Zo zorg je voor meer omega 3 en minder omega 6
Vroeger werd, vooral door margarinefabrikanten, veel reclame gemaakt voor linolzuur. Dit omega-6-vetzuur zou goed zijn voor hart en bloedvaten. Eigenlijk hoor je daar nooit meer wat van in reclames. Inmiddels is bekend dat te veel linolzuur ook niet gunstig is. Beter is het te letten op de juiste verhouding tussen vetten in de voeding. Niet alleen omega 6 zoals linolzuur, maar ook omega 3.
Vet in je voeding heb je nodig. Allereerst omdat vet voor smaak zorgt. Daarnaast zijn vetten onmisbaar voor je lichaam. Ze leveren niet alleen energie, maar ook de vetoplosbare vitamines A, D, E en K. Verder helpen vetten bij de opname van deze vitamines in het lichaam. En tenslotte: vetten zijn bouwstoffen voor onder andere celwanden, hormonen en hersencellen. Nou is vet natuurlijk niet alleen maar gezond. Doordat vet veel calorieën levert, kan je gewicht stijgen als je er veel van binnenkrijgt. En verder is de soort vet van belang. Verzadigde vetten en transvetten zijn minder gezond dan onverzadigde vetten.
Onverzadigde vetten
Omega-3- en omega 6-vetzuren behoren tot de gezonde onverzadigde vetten. Dat heeft te maken met de chemische structuur. Onverzadigde vetten hebben op minstens één plek in hun molecuul een zogenoemde dubbele binding. De structuur is hierdoor 'losser' en dat merk je: ze zitten vooral in vloeibare producten zoals olijfolie, arachideolie en visolie. Kokosolie, palmvet en ghee daarentegen zijn hardere producten en dat komt omdat ze relatief veel slecht verzadigd vet bevatten.
Omega-3-vetzuren
De belangrijkste omega-3-vetzuren zijn:
- alfa-linoleenzuur (ook bekend onder de Engelse afkorting ALA).

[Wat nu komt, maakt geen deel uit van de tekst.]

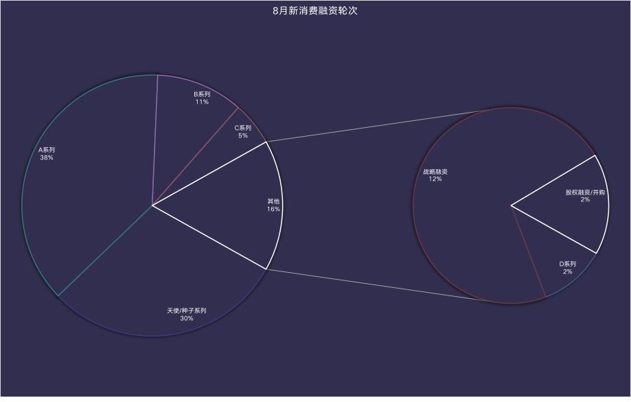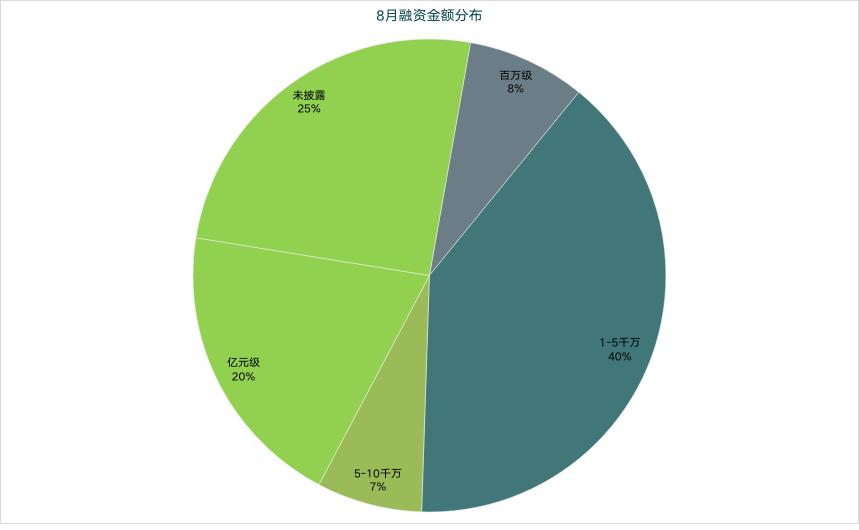 另外从融资轮次上来看,资本仍以早期项目为主,A系列及天使轮占比达到68%,但与7月的71%相比,比重有所减少;且B轮及B轮之后的融资数量明显增多,占比达到32%。如B轮7月10%、8月11%;C/D/E/F系列7月4%、8月7%。

ALA zit vooral in raapzaadolie, sojaolie, walnoten en plantaardige (dieet)margarines.
- eicosapentaeenzuur (ook bekend onder de Engelse afkorting EPA).
- docosahexaeenzuur (ook bekend onder de Engelse afkorting DHA).
EPA en DHA worden ook wel visvetten genoemd. Het zijn unieke omega-3-vetten die vooral in vette vis zitten. Maar ze zitten ook in andere producten zoals eieren en sommige vleessoorten en ze worden toegevoegd aan sommige margarines. Ook zijn er visoliecapsules op de markt waar EPA en DHA in zitten. Daarnaast kan het lichaam deze visvetten zelf maken uit ALA, maar dat gaat heel moeizaam.
Omega-6-vetzuren
Ook omega-6-vetzuur hoort bij de onverzadigde vetten. De belangrijkste omega-6-vetzuren zijn:
- linolzuur (ook bekend onder de Engelse afkorting LA). LA zit vooral in plantaardige oliën als zonnebloemolie, maïsolie en sojaolie, maar ook in margarine, halvarine en bak- en braadvetten.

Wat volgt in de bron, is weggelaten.